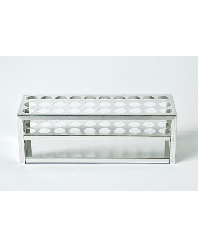 Polica za epruvete, izrađena od aluminijuma. Ima tri reda sa po deset otvora.
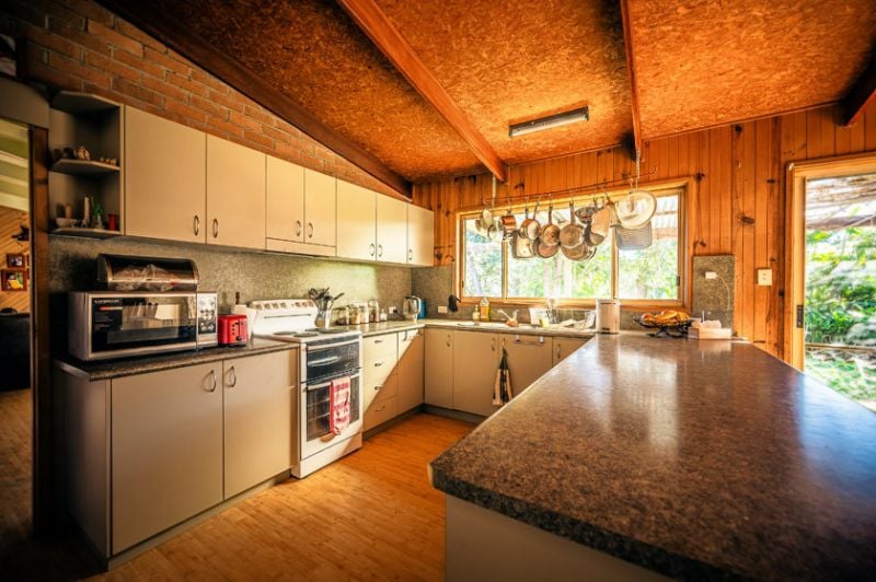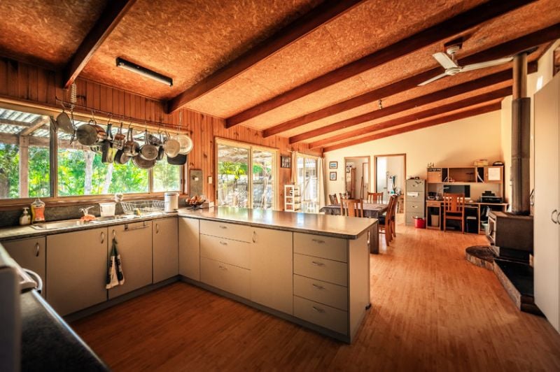 The kitchen offers plenty of cupboard and bench space, 4 door pantry, electric cooktop and oven and a double stainless steel sink. The kitchen is centrally located between the living and dining areas and the slow combustion log burner does a great job of making it warm and cosy on those cool winter nights.
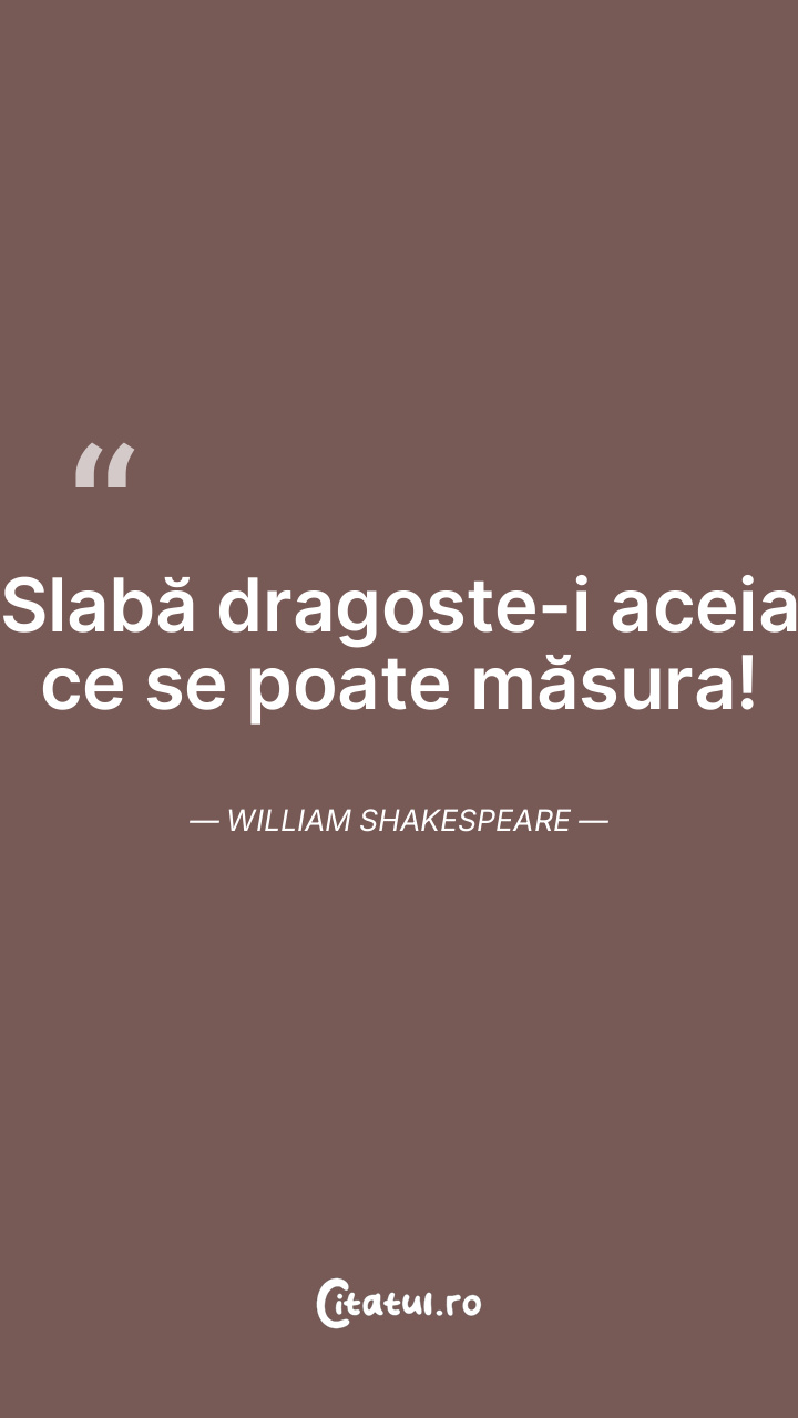 Slabă dragoste-i aceia ce se poate măsura! William Shakespeare
══════════
▶ _Task goal_
Every line from the one containing "The kitchen offers" to the end of the material above is to be returned exactly, with the pictures left out.

▶ _Solution for this task_
 The kitchen offers plenty of cupboard and bench space, 4 door pantry, electric cooktop and oven and a double stainless steel sink. The kitchen is centrally located between the living and dining areas and the slow combustion log burner does a great job of making it warm and cosy on those cool winter nights.
 Slabă dragoste-i aceia ce se poate măsura! William Shakespeare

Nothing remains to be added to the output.